WHAT IS REQUIRED:
The full listing, word for word and free of images, is the expected result.

DATASET CONTENT:
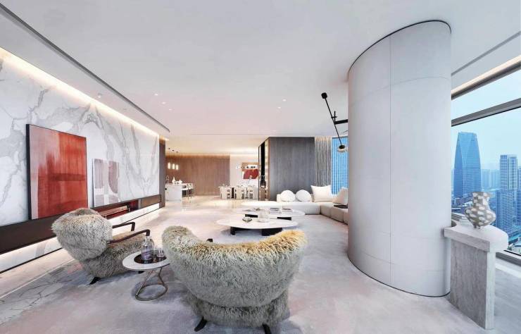 空间尺度:3.8米层高、270度落地玻璃、近200㎡L型奢享会客厅,搭配全套意大利进口家具,兼具大气与优雅1。
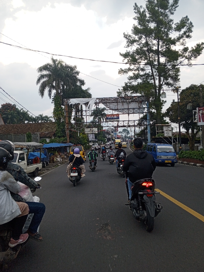 The image depicts a moderately busy street scene in Kheda, India, viewed from the perspective of a vehicle occupant. The sky is overcast. In the immediate foreground on the left, the lower body of a person wearing a light top, dark blue jeans, and pink athletic shoes is visible, seated on the rear of a dark-colored motorcycle. To their left, a white pickup truck with a blue tarp covering its bed is parked roadside. The main focus is a two-lane asphalt road leading into the distance, with a yellow dividing line. Multiple motorcycles, at least seven, are traveling away from the viewer. Riders are generally wearing helmets and dark clothing. The closest central motorcycle rider wears a black hoodie and blue jeans, on a dark vehicle with a visible red taillight. Further down the road, a yellow minivan and a blue box-style van are also visible. On the left side of the road, a low-rise building with a brown corrugated roof is present, alongside a blue-tarped market stall structure. Palm trees and other dense foliage are visible above these structures. On the right side of the road, a tall, pine-like tree stands prominently. An overhead metal billboard structure with torn, white material spanning the road is a dominant feature in the mid-background. Buildings with various signs and posters line both sides of the street further into the distance. Utility poles and overhead wires are present. The road appears to ascend slightly, with more vehicles visible in the far background under a bridge-like structure.
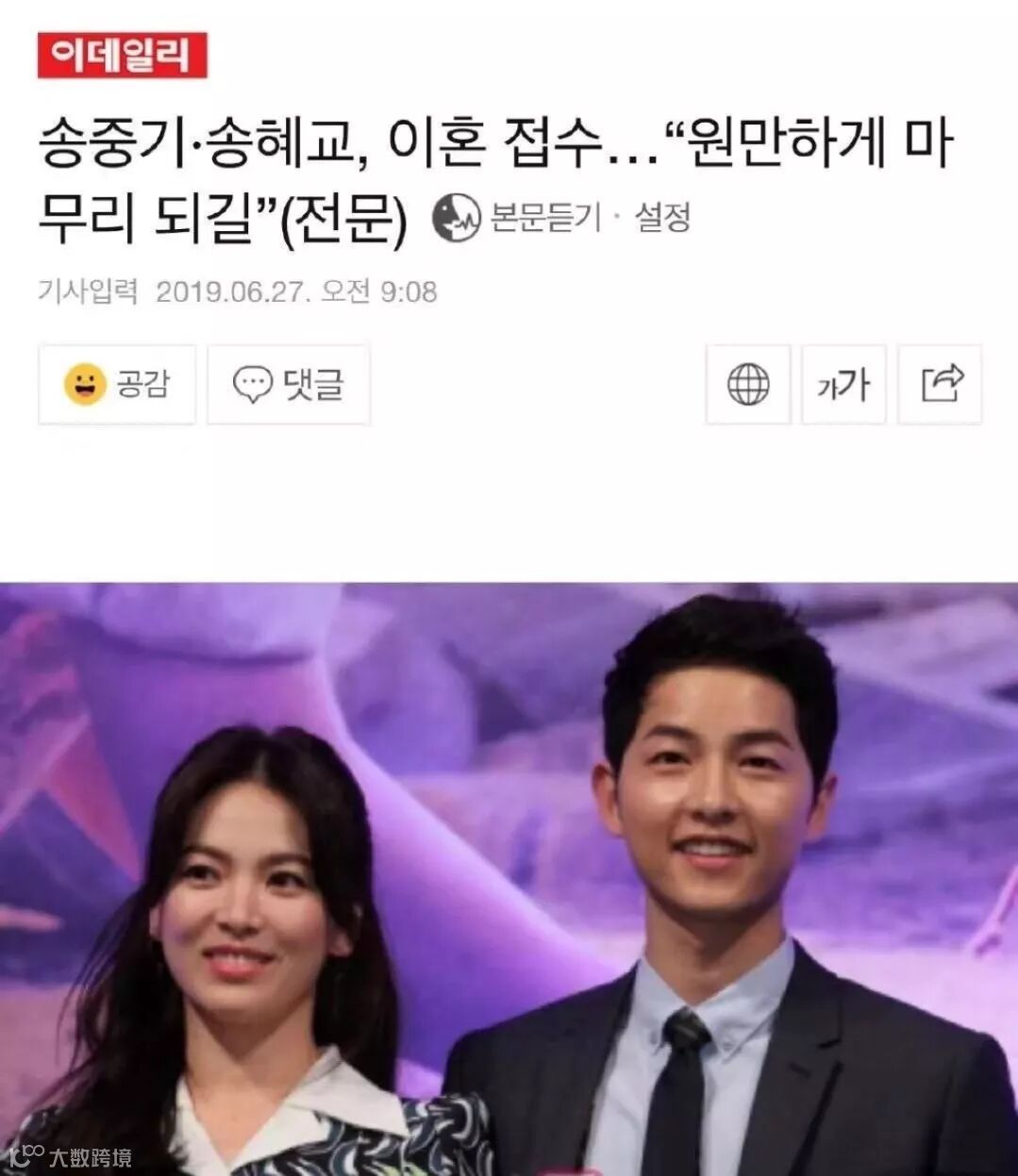6月27日上午,微博沸腾了,宋慧乔和宋仲基已协议离婚。

YOUR SOLUTION:
 空间尺度:3.8米层高、270度落地玻璃、近200㎡L型奢享会客厅,搭配全套意大利进口家具,兼具大气与优雅1。
 The image depicts a moderately busy street scene in Kheda, India, viewed from the perspective of a vehicle occupant. The sky is overcast. In the immediate foreground on the left, the lower body of a person wearing a light top, dark blue jeans, and pink athletic shoes is visible, seated on the rear of a dark-colored motorcycle. To their left, a white pickup truck with a blue tarp covering its bed is parked roadside. The main focus is a two-lane asphalt road leading into the distance, with a yellow dividing line. Multiple motorcycles, at least seven, are traveling away from the viewer. Riders are generally wearing helmets and dark clothing. The closest central motorcycle rider wears a black hoodie and blue jeans, on a dark vehicle with a visible red taillight. Further down the road, a yellow minivan and a blue box-style van are also visible. On the left side of the road, a low-rise building with a brown corrugated roof is present, alongside a blue-tarped market stall structure. Palm trees and other dense foliage are visible above these structures. On the right side of the road, a tall, pine-like tree stands prominently. An overhead metal billboard structure with torn, white material spanning the road is a dominant feature in the mid-background. Buildings with various signs and posters line both sides of the street further into the distance. Utility poles and overhead wires are present. The road appears to ascend slightly, with more vehicles visible in the far background under a bridge-like structure.
6月27日上午,微博沸腾了,宋慧乔和宋仲基已协议离婚。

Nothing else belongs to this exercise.